I’m so tired. Tired and cold. I just want to sleep. Sleep and only wake up once I’m home again. With Bailey.

My body shivers harder, draining what little energy I have left.

It doesn’t help that I went hiking before this. At the time, I figured I would go home and have something to eat and drink. I wasn’t worried about surviving the night out here.

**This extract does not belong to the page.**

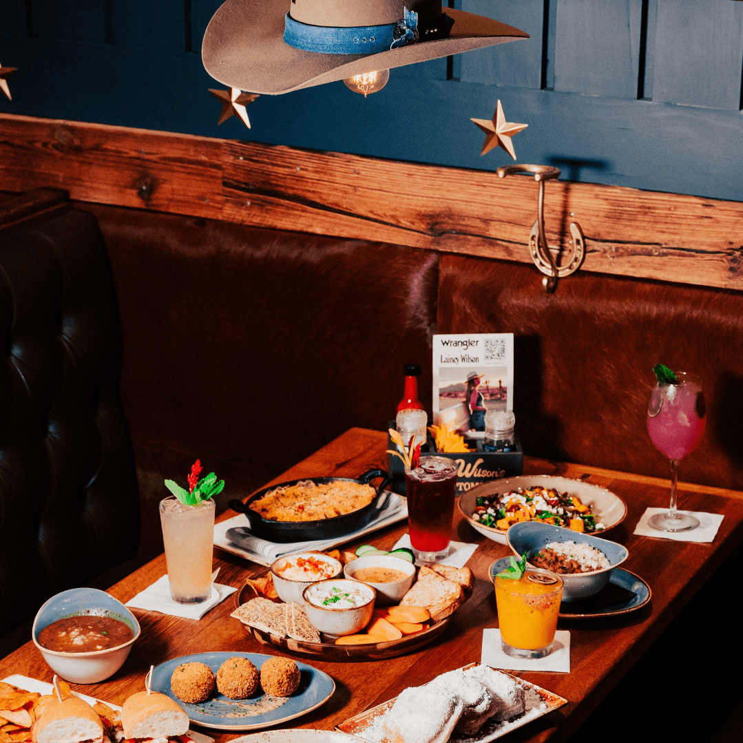 The menu at Bell Bottoms Up was crafted in collaboration with Lainey Wilson and Chef Tomasz Wosiak, blending bold Louisiana flavors with Nashville flair. Featuring some of Lainey’s favorites like Cajun pasta, shrimp boils, and fresh salads, the menu offers a mix of Southern comfort and lively shareable plates. Pair it with a signature cocktail, and you’ve got the perfect recipe for a night out.

I didn’t even have the foresight to leave Troy a note to tell him Butterscotch is with Rose and not Katherine and to tell him where I went. It’s not as if I were Angelique, unable to leave a message in plain sight at the risk of the Gestapo, Milice, or SS stumbling across it.

My only hope is Troy will return home and discover his truck and I are gone and…and then what?

A flash of lightning brightens the sky as if to answer the question.

I didn’t even think to tell Rose where I was going. I only told her I’d be back in a few hours.

Just one more minute…and then I’ll figure a way to get help.

“Get up, Jess. Find a way to get back to me.”

Troy. I let the deep, smooth sound of his voice weave into my consciousness, and I imagine him smiling at me with the sexy grin of his.

“Just one more minute…one more minute…one more minute…” I whisper, my voice growing weaker by the second.

If I don’t find help soon, I won’t get to hear Troy’s voice again. His real voice, not the one playing in my head.

The wind abruptly shifts direction, and without warning, a deluge of small pebble-sized hail releases from the clouds. Its stinging touch pummels me. I release a gasped shriek, unable to find the will to stand up.

Unable to find the strength to seek better shelter than the boulders.